In fact, the odds are good that you are paying too much on telecom right now. And you’ll continue to pay too much – unless you know where to look.
 
  1. Take stock. First, put together a map of every phone line charged on your invoices. The sum of all your phone lines may be distributed across multiple providers and even among multiple accounts per provider. The only way to make sense of your charges is to list them all in one place. Don’t just add line items for the phone lines; add line items for every added feature, tax, fee and minute of usage associated with each line. This list won’t be short – even small organizations have hundreds of line items to get a complete picture.

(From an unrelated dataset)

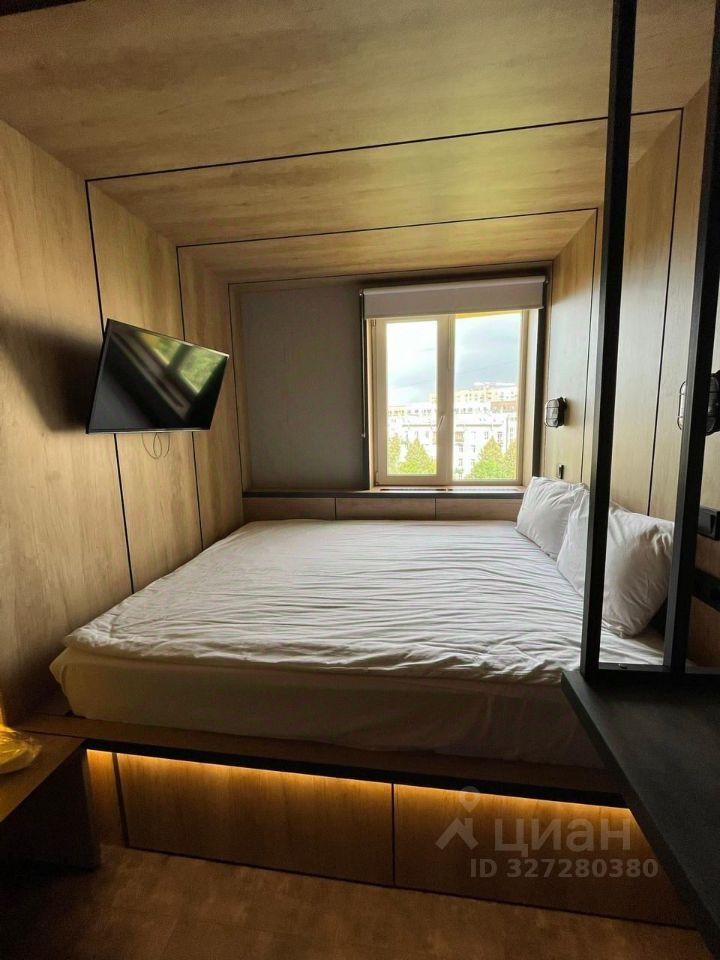 Уютная большая кровать с хитрыми ящиками для одежды, стильная кухня, холодильник, ТВ напротив и супер-удобный душ — всё на месте для вашего комфорта!

  2. Survey your phone lines. This is the simple step that many organizations skip. Take your list of phone numbers and call them. Yes, call every phone line you have. What was the result? Did someone pick up? Did the call go to voicemail? Did it simply ring, or perhaps eventually go dead? It is not uncommon for companies to have phone lines that aren’t in use or to cut their bills in half by getting rid of the extras. Make a list of any phone lines that don’t end with you reaching a human being. Don’t disconnect them yet – we’ll get to why in step four. 
  3. Survey your end users. For every call from step two that reaches a human, review all the features associated with that phone line. Ask the person how often they use each service. If the answer is rarely or never, consider cutting that additional cost.  
  4. Get in touch with your facilities, HR and operations teams. Phone lines that don’t reach a person are commonly one of two things. First, they may have been associated with an employee who either moved or left the company. Contact HR to see what changes to personnel need to be factored into your analysis. Second, end users aren’t the only ones with a vested interest in your phone lines. Phone lines that don’t ring through to a co-worker may still be critical – for example, some of those no-answer lines may be emergency elevator lines or in use by security systems. You don’t want to end service until you can validate what phone lines are needed for which purposes.
  5. Begin cutting services – the right way. By this point, you should have a clear list of phone lines and services that you can cut. Reach out to your provider to begin this process. However, don’t simply leave it at that. As mentioned earlier, chances are high that you may find some services attached to phone lines you disconnected long ago. You may also be charged incorrect amounts, but never noticed. It isn’t enough to stop paying these charges – your provider may owe you credits for incorrect charges. Insist on them. These credits should take into account the services, fees and surcharges paid on them. 
  6. Start shopping around. At about this point, you’re probably pretty tired of staring at telecom invoices and talking to providers. Don’t stop yet! Even though you’ve righted the ship and optimized your inventory, you still don’t know if the price you are paying is market competitive. Take the documentation you made in step one (and trimmed down in steps two to five) and go to market. See what other carriers would recommend in terms of services and what they propose as a monthly charge.

These aren’t the only ways companies wind up paying more than they should, but they are a good start. The process of weeding out and correcting these issues may seem tedious, but failing to do so means leaving a lot of cash on the table.